Your credit rating and its importance

Your credit rating is not just a number that you don't have to worry about. It can play a critical role in the decision when you apply for credit, whether for a mortgage, a credit card or when trying to finance your next car.
11-September-16
Your credit rating and its importance

Your credit rating and how important is it

When we’re young, we watch TV shows where jokes are made about credit scores and the comedic results of having a low score. Unfortunately, as we get older we realise that it’s no laughing matter. But what is your credit score, how can you find out more about it and, perhaps most importantly, how can you take steps to improve it?

Your credit rating is a statistical method used to determine how likely it is that you’ll pay back money that you have borrowed. Factors taken into account when calculating a credit rating include a person’s credit payment history, their current debts, their credit type mix, the time length of credit history, and how frequently they apply for new credit.

The next question is, why is your credit rating important?

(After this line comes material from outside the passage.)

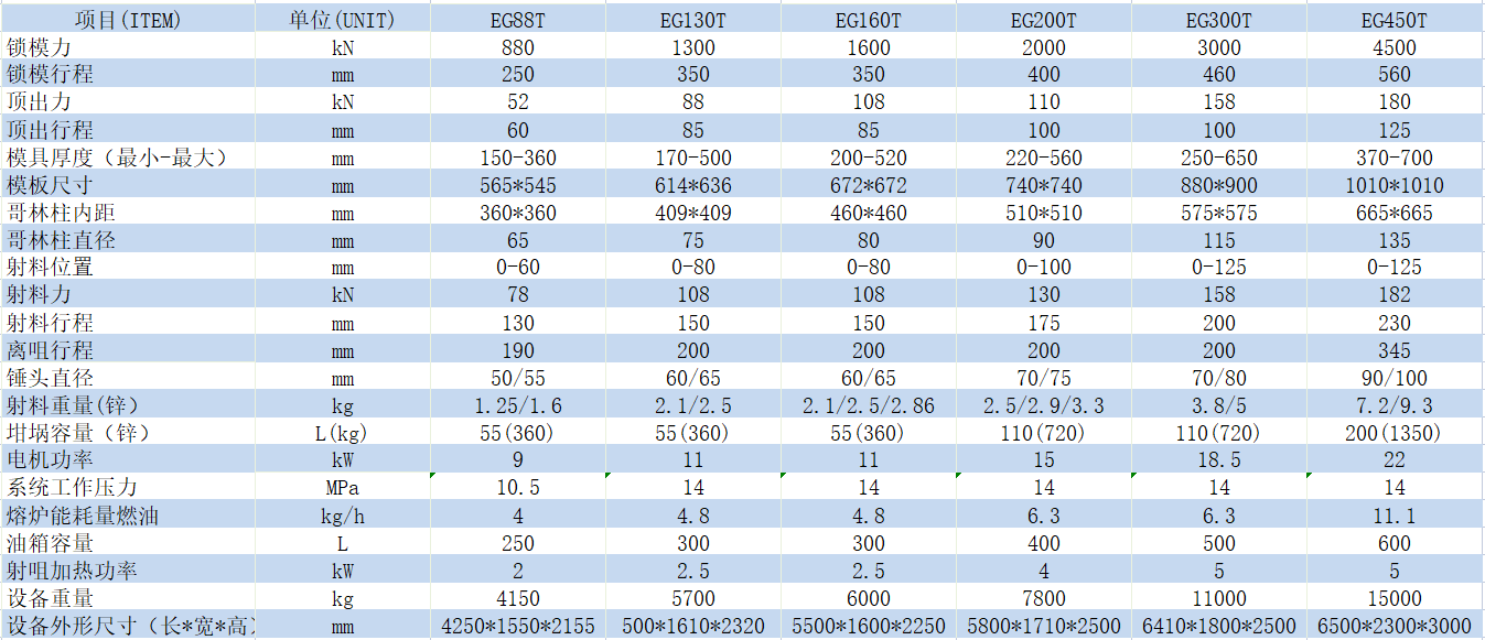 热室压铸机;产品机型包括88T-450T,通过20多年的不断改良优化,益格的压铸机采用优质的液压元件,配有专业的工业电脑,具有速度快、生产周期短、操作方便、性能稳定、安全可靠等优点,并通过了国家铸造锻压机械质量监督检测中心认证。

When you apply for a loan, a mortgage, or a credit card, you credit rating is checked up. Not only could the outcome of this determine if your application will be successful or not, but you could be paying an added risk premium. Those with worse credit scores will be lent money at a higher rate than those with a good credit score, and will pay more in the long run as a result.

There are a few companies that compile credit reports, including Experian, Equifax, and Callcredit. It’s worth looking for a company that will do it for free, or a few pounds at most. This credit report typically includes info about your credit accounts, repayment history, and public record information, among other details.

If you’re less than pleased with what comes back, there are steps you can take to improve your credit score.

Make sure you’re on the electoral register. It will be much harder to get credit if your name isn’t on it.

Make loan payments in a timely fashion and for the correct amount.

Don’t ignore overdue bills. If you’re having issues making repayments, you should try to make repayment arrangements.

Keep outstanding debt to a minimum.

Avoid overextending your credit and cancel unused credit cards.

Limit the number of credit applications you make. Ideally, you should stop applying for credit until you’ve sorted problems on your credit file.